---------- Data excerpts ----------

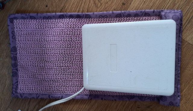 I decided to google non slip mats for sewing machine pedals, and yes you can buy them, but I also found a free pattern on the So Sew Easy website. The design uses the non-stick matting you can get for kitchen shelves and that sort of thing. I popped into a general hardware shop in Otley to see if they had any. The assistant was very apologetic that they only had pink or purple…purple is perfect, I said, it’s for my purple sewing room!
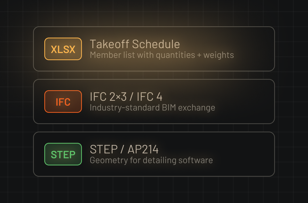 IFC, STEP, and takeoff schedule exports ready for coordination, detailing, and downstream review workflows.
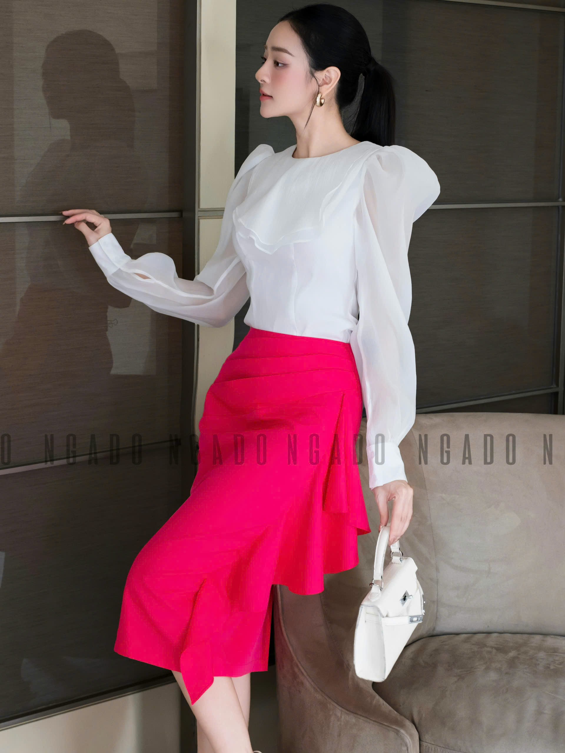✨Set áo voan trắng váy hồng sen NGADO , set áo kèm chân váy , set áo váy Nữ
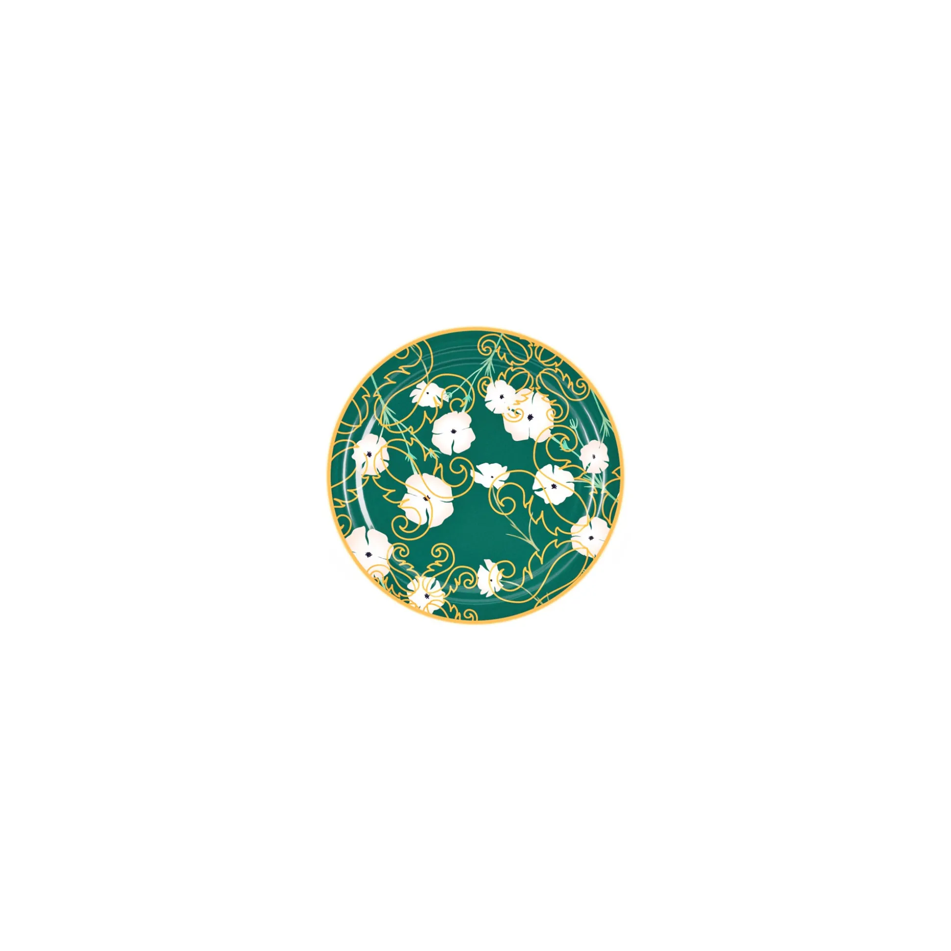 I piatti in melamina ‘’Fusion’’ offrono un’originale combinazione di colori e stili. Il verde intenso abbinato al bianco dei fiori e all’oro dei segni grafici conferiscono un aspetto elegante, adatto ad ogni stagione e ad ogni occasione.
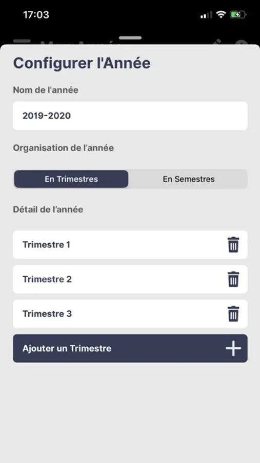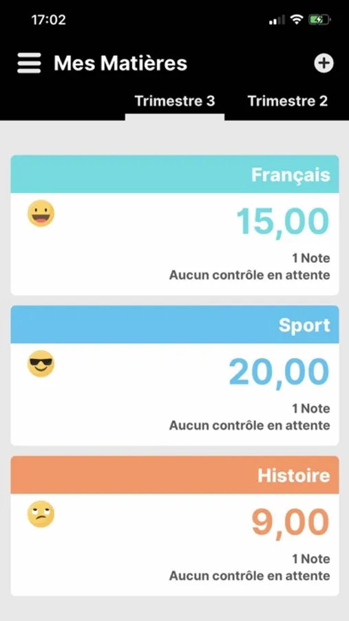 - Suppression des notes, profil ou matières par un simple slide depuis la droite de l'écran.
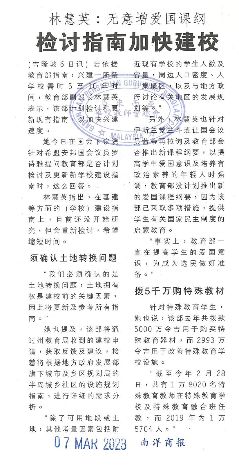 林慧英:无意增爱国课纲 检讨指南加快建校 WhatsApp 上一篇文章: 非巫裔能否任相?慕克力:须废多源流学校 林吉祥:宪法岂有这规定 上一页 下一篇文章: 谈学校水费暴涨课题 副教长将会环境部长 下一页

----------

● Exercise goal: Leave out every picture and copy, exactly as written, the lines from the one with "IFC, STEP, and" through the end of the records above.

● Answer to this problem:
 IFC, STEP, and takeoff schedule exports ready for coordination, detailing, and downstream review workflows.
✨Set áo voan trắng váy hồng sen NGADO , set áo kèm chân váy , set áo váy Nữ
 I piatti in melamina ‘’Fusion’’ offrono un’originale combinazione di colori e stili. Il verde intenso abbinato al bianco dei fiori e all’oro dei segni grafici conferiscono un aspetto elegante, adatto ad ogni stagione e ad ogni occasione.
 - Suppression des notes, profil ou matières par un simple slide depuis la droite de l'écran.
 林慧英:无意增爱国课纲 检讨指南加快建校 WhatsApp 上一篇文章: 非巫裔能否任相?慕克力:须废多源流学校 林吉祥:宪法岂有这规定 上一页 下一篇文章: 谈学校水费暴涨课题 副教长将会环境部长 下一页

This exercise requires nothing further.